WORK TO COMPLETE: Print the lines in the listing below starting at the line with "VIN: 2G1125S36J9131212" and ending at the line with "Informacje o produkcie Utworzono", both included. Reproduce them exactly and omit every picture.

PROVIDED INFORMATION:
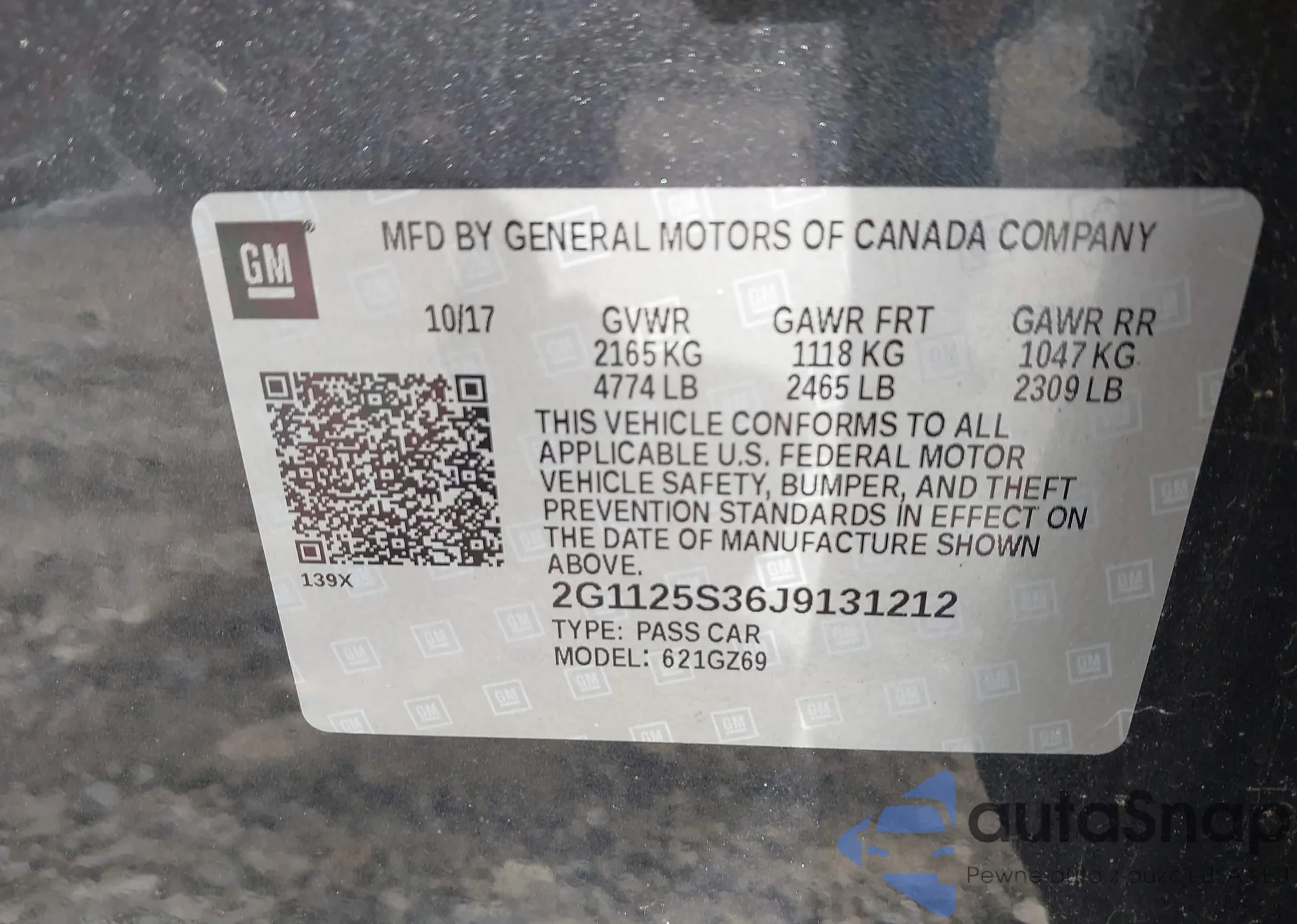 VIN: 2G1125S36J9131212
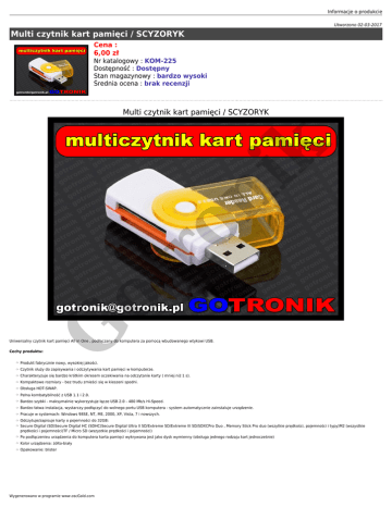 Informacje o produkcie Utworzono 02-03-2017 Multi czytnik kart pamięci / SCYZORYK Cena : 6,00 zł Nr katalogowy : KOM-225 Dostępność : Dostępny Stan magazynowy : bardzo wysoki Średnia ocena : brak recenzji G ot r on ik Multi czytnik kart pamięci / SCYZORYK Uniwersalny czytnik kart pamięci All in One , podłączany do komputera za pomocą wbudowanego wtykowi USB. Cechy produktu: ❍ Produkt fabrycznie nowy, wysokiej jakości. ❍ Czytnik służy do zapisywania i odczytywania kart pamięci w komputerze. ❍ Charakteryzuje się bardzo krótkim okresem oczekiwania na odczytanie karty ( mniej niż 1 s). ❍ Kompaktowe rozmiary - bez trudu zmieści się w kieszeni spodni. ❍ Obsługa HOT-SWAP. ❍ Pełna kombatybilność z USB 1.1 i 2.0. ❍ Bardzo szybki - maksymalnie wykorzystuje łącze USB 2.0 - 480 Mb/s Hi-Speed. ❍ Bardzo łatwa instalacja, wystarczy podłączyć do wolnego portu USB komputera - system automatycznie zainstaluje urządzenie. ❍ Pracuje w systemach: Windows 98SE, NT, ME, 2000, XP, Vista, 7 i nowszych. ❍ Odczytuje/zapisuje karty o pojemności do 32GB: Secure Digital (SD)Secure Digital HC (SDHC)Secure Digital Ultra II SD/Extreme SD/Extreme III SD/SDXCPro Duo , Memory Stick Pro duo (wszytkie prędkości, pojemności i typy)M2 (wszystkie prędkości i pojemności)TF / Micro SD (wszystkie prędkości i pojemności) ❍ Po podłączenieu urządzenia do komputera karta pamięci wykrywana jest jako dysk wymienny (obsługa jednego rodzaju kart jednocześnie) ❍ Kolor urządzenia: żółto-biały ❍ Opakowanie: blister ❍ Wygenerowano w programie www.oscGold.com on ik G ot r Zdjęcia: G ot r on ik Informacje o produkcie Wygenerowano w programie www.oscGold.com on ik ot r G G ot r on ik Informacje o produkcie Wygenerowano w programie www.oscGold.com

...

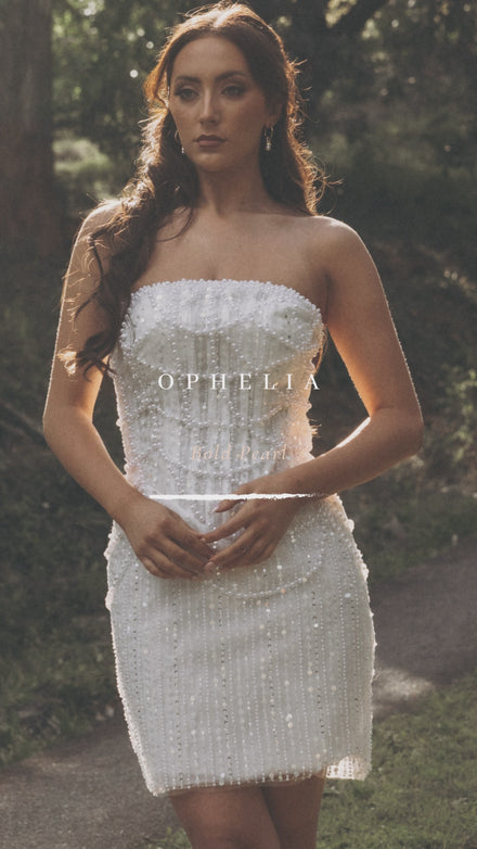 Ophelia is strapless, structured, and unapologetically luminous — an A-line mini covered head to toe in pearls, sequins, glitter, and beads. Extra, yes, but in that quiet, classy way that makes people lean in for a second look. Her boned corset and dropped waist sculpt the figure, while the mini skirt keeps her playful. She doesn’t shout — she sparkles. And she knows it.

RESPONSE FOR THIS EXERCISE:
 VIN: 2G1125S36J9131212
 Informacje o produkcie Utworzono 02-03-2017 Multi czytnik kart pamięci / SCYZORYK Cena : 6,00 zł Nr katalogowy : KOM-225 Dostępność : Dostępny Stan magazynowy : bardzo wysoki Średnia ocena : brak recenzji G ot r on ik Multi czytnik kart pamięci / SCYZORYK Uniwersalny czytnik kart pamięci All in One , podłączany do komputera za pomocą wbudowanego wtykowi USB. Cechy produktu: ❍ Produkt fabrycznie nowy, wysokiej jakości. ❍ Czytnik służy do zapisywania i odczytywania kart pamięci w komputerze. ❍ Charakteryzuje się bardzo krótkim okresem oczekiwania na odczytanie karty ( mniej niż 1 s). ❍ Kompaktowe rozmiary - bez trudu zmieści się w kieszeni spodni. ❍ Obsługa HOT-SWAP. ❍ Pełna kombatybilność z USB 1.1 i 2.0. ❍ Bardzo szybki - maksymalnie wykorzystuje łącze USB 2.0 - 480 Mb/s Hi-Speed. ❍ Bardzo łatwa instalacja, wystarczy podłączyć do wolnego portu USB komputera - system automatycznie zainstaluje urządzenie. ❍ Pracuje w systemach: Windows 98SE, NT, ME, 2000, XP, Vista, 7 i nowszych. ❍ Odczytuje/zapisuje karty o pojemności do 32GB: Secure Digital (SD)Secure Digital HC (SDHC)Secure Digital Ultra II SD/Extreme SD/Extreme III SD/SDXCPro Duo , Memory Stick Pro duo (wszytkie prędkości, pojemności i typy)M2 (wszystkie prędkości i pojemności)TF / Micro SD (wszystkie prędkości i pojemności) ❍ Po podłączenieu urządzenia do komputera karta pamięci wykrywana jest jako dysk wymienny (obsługa jednego rodzaju kart jednocześnie) ❍ Kolor urządzenia: żółto-biały ❍ Opakowanie: blister ❍ Wygenerowano w programie www.oscGold.com on ik G ot r Zdjęcia: G ot r on ik Informacje o produkcie Wygenerowano w programie www.oscGold.com on ik ot r G G ot r on ik Informacje o produkcie Wygenerowano w programie www.oscGold.com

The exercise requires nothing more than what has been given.